WORK ORDER:
For this exercise, transcribe all the entries exactly as given and omit the images.

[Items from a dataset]
::::

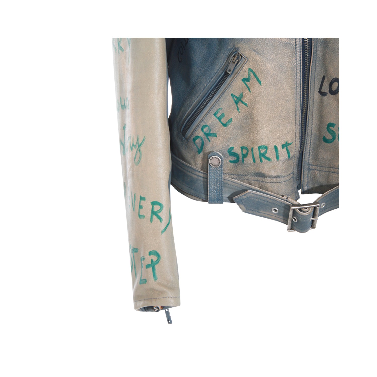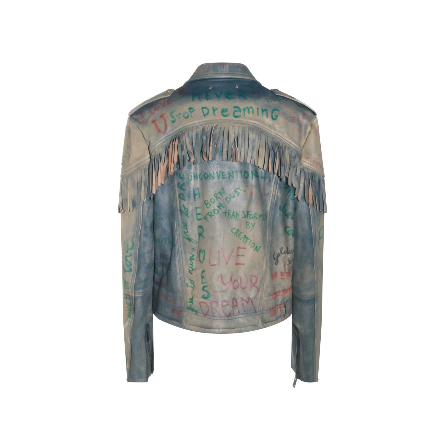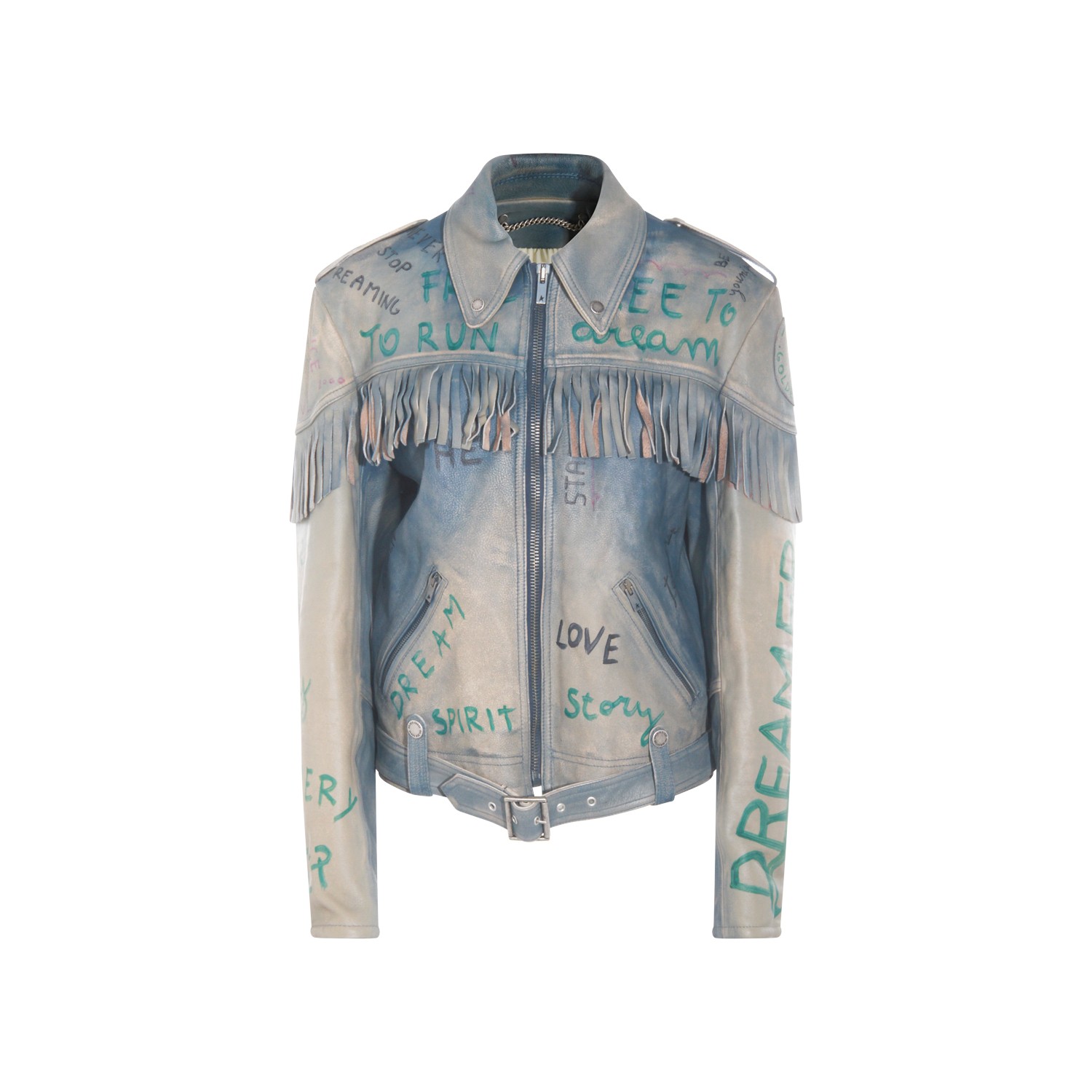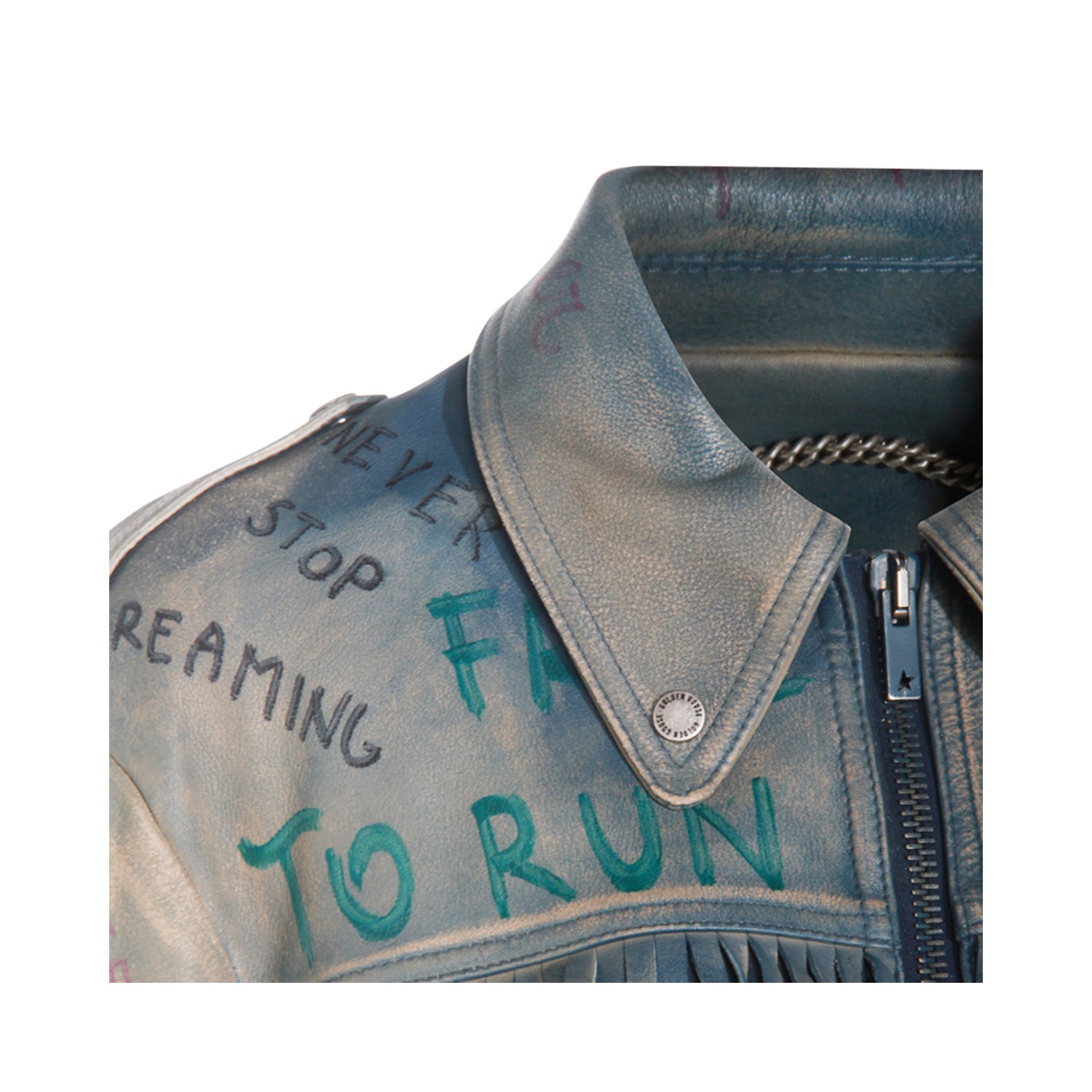 Light blue leather jacket from Golden Goose featuring classic collar, long sleeves, fringes, zip fastening, pockets and regular vestibility.
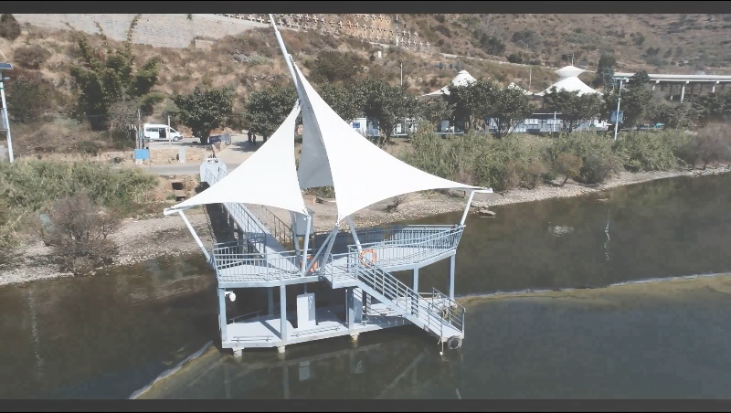 固定在藍藻聚集點的鋼結(jié)構(gòu)打撈作業(yè)平臺,配置高效可調(diào)式渦井取藻器,智能調(diào)節(jié)、高效汲取富集水面表層5cm的高濃度藍藻藻漿。
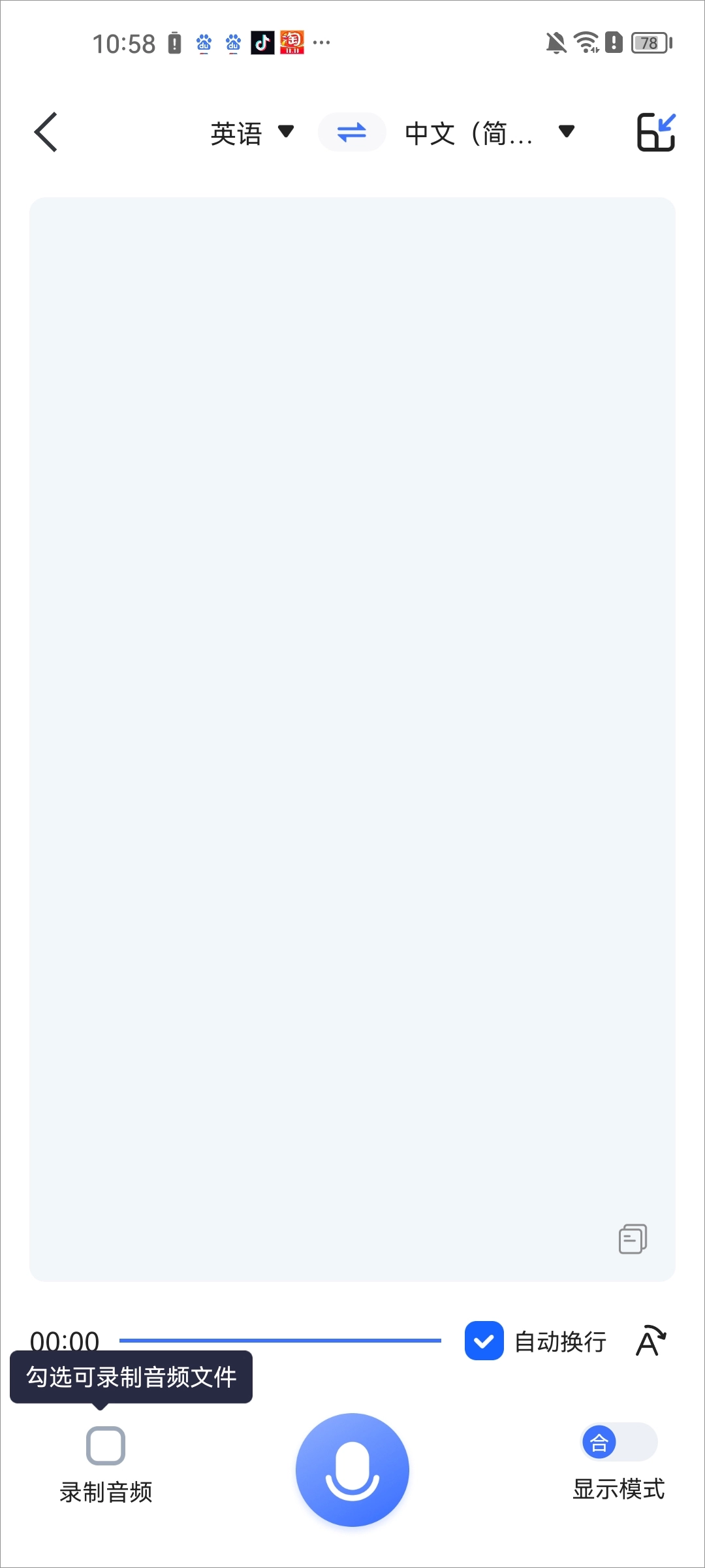 点击左下角的按钮,既可以录制音频或视频,还能实现语音与文字之间的互译功能。
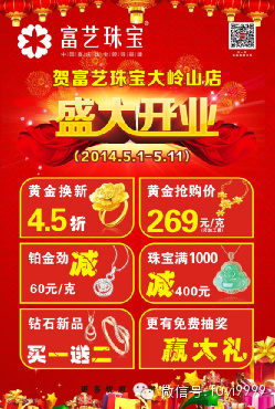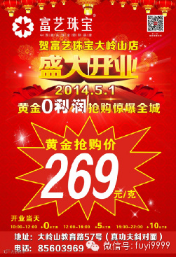 富艺珠宝大岭山店5月1日盛大开业啦!富艺珠宝隆重推出黄金269元/克0利润抢购,4.5折成本价换新,钻石新品买一送一 ,珠宝1000减400元,铂金劲减60元/克等超值让利活动,更有豪华大礼免费抽奖及精彩节目观看。时间有限,错过您得加价购买,全民抢金机会不容错过!
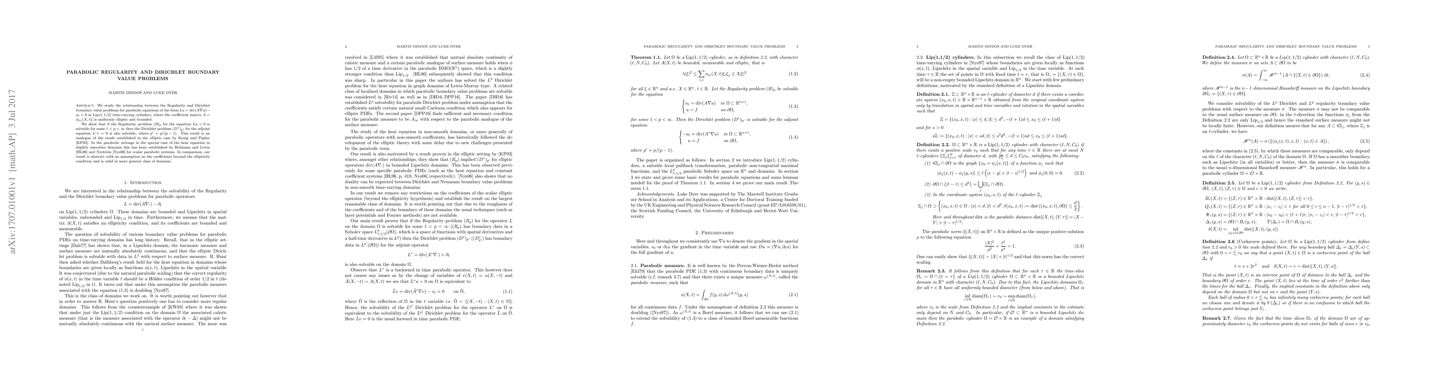 The paper studies the relationship between regularity and Dirichlet boundary value problems for parabolic equations in time-varying cylinders, using abstract conditions and extending previous results to more general classes of domains.
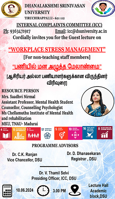 A guest lecture on “Workplace Stress Management” was conducted by ICC for non-teaching staff members of the university on 10.06.2024 at 3.00 p.m. in Dhanalakshmi Srinivasan University. 85 non-teaching staff members in the programme from various schools like Agriculture, Engineering, Management, Medicine, Allied Health Sciences, Law, Nursing and Paramedical. The chief guest Mrs. Saadhvi Nirmal, Mental Health Student Counsellor, Madurai Kamaraj University, spoke in detail by giving real time examples on the issues that people face in personal life and in workplace. Then she advocated for mindfulness techniques, time management strategies, regular physical exercise, and fostering a supportive work environment as effective means to cope with stressors. Attendees gained valuable insights into understanding, identifying, and effectively managing stress in professional settings.
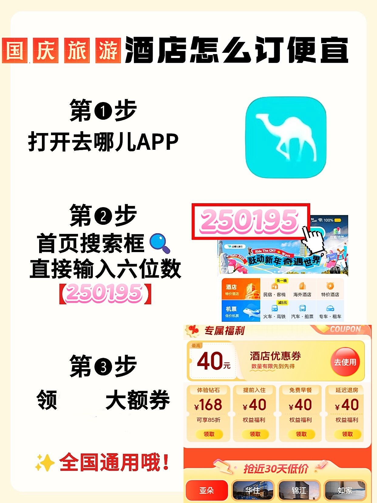 第一步: 在【去哪儿旅行】APP,搜索口令【250195】,领取酒店优惠券!
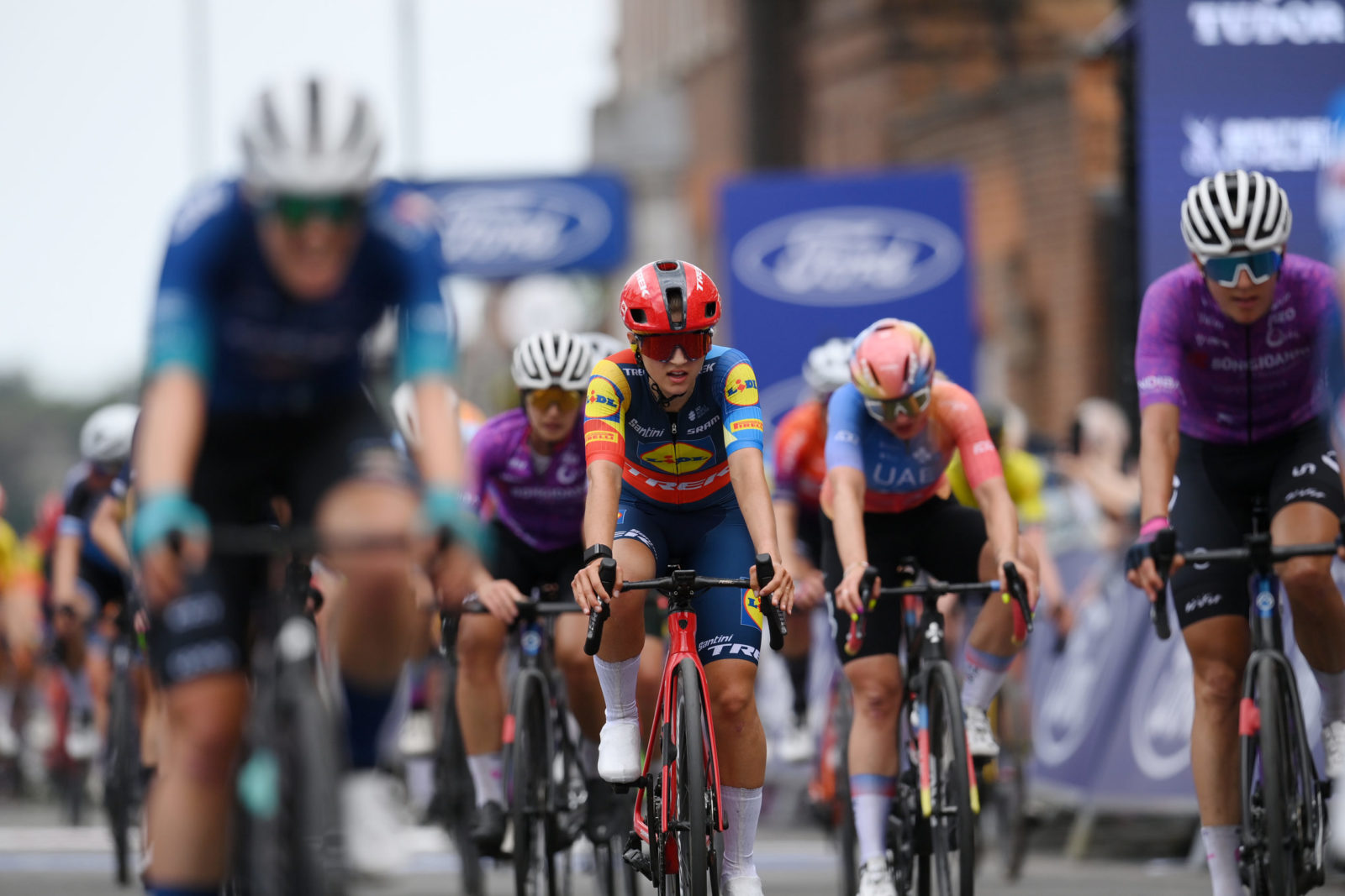 Coming into the finish in Colchester the stage was set for an uphill bunch sprint in the town center. Clara Copponi was positioned well by her teammates and unleashed a strong and long sprint on the ramp to the line. The Frenchwoman crossed the line having emptied the tank, but clearly pleased at the podium performance she had fought for.
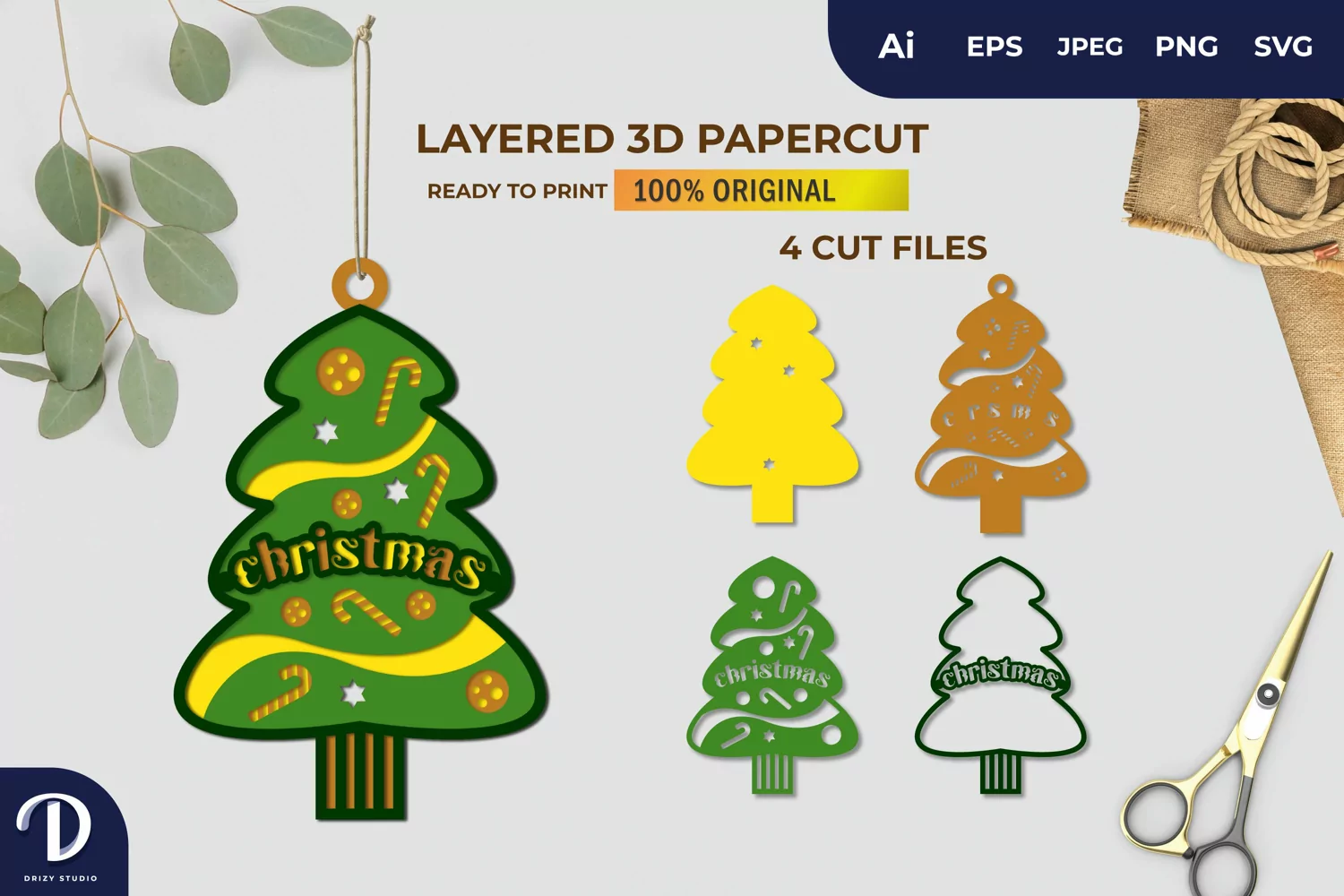 Similar Design Products to 3D Papercut Christmas Tree Layered Template
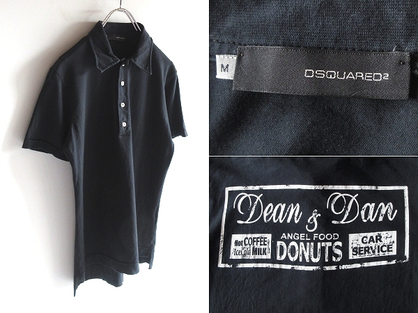 > 希少 00sビンテージ DSQUARED2 ディースクエアード 2004SS Dean&Dan バックプリント ダメージ加工 ポロシャツ M ブラック 黒 イタリア製
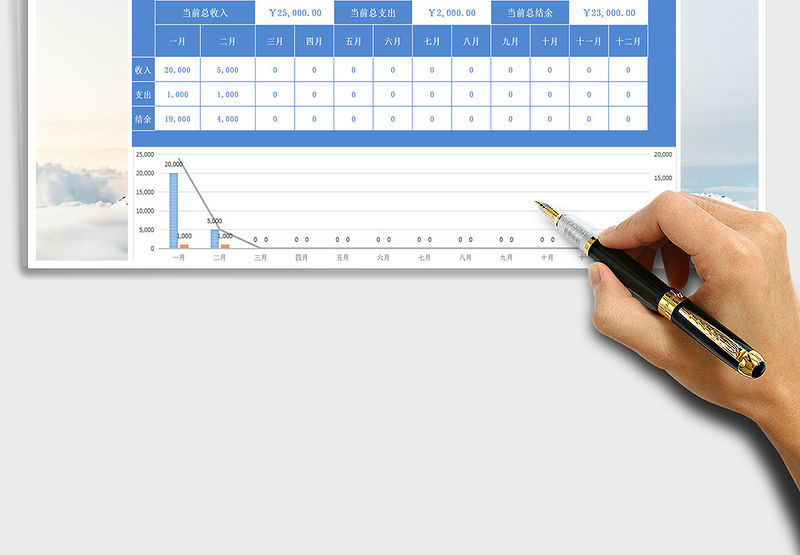 家庭年度記賬單(自動(dòng)匯總,圖表顯示) Array

::::

SOLUTION TO THIS PROBLEM:
 Light blue leather jacket from Golden Goose featuring classic collar, long sleeves, fringes, zip fastening, pockets and regular vestibility.
 固定在藍藻聚集點的鋼結(jié)構(gòu)打撈作業(yè)平臺,配置高效可調(diào)式渦井取藻器,智能調(diào)節(jié)、高效汲取富集水面表層5cm的高濃度藍藻藻漿。
 点击左下角的按钮,既可以录制音频或视频,还能实现语音与文字之间的互译功能。
 富艺珠宝大岭山店5月1日盛大开业啦!富艺珠宝隆重推出黄金269元/克0利润抢购,4.5折成本价换新,钻石新品买一送一 ,珠宝1000减400元,铂金劲减60元/克等超值让利活动,更有豪华大礼免费抽奖及精彩节目观看。时间有限,错过您得加价购买,全民抢金机会不容错过!
 The paper studies the relationship between regularity and Dirichlet boundary value problems for parabolic equations in time-varying cylinders, using abstract conditions and extending previous results to more general classes of domains.
 A guest lecture on “Workplace Stress Management” was conducted by ICC for non-teaching staff members of the university on 10.06.2024 at 3.00 p.m. in Dhanalakshmi Srinivasan University. 85 non-teaching staff members in the programme from various schools like Agriculture, Engineering, Management, Medicine, Allied Health Sciences, Law, Nursing and Paramedical. The chief guest Mrs. Saadhvi Nirmal, Mental Health Student Counsellor, Madurai Kamaraj University, spoke in detail by giving real time examples on the issues that people face in personal life and in workplace. Then she advocated for mindfulness techniques, time management strategies, regular physical exercise, and fostering a supportive work environment as effective means to cope with stressors. Attendees gained valuable insights into understanding, identifying, and effectively managing stress in professional settings.
 第一步: 在【去哪儿旅行】APP,搜索口令【250195】,领取酒店优惠券!
 Coming into the finish in Colchester the stage was set for an uphill bunch sprint in the town center. Clara Copponi was positioned well by her teammates and unleashed a strong and long sprint on the ramp to the line. The Frenchwoman crossed the line having emptied the tank, but clearly pleased at the podium performance she had fought for.
 Similar Design Products to 3D Papercut Christmas Tree Layered Template
 > 希少 00sビンテージ DSQUARED2 ディースクエアード 2004SS Dean&Dan バックプリント ダメージ加工 ポロシャツ M ブラック 黒 イタリア製
 家庭年度記賬單(自動(dòng)匯總,圖表顯示) Array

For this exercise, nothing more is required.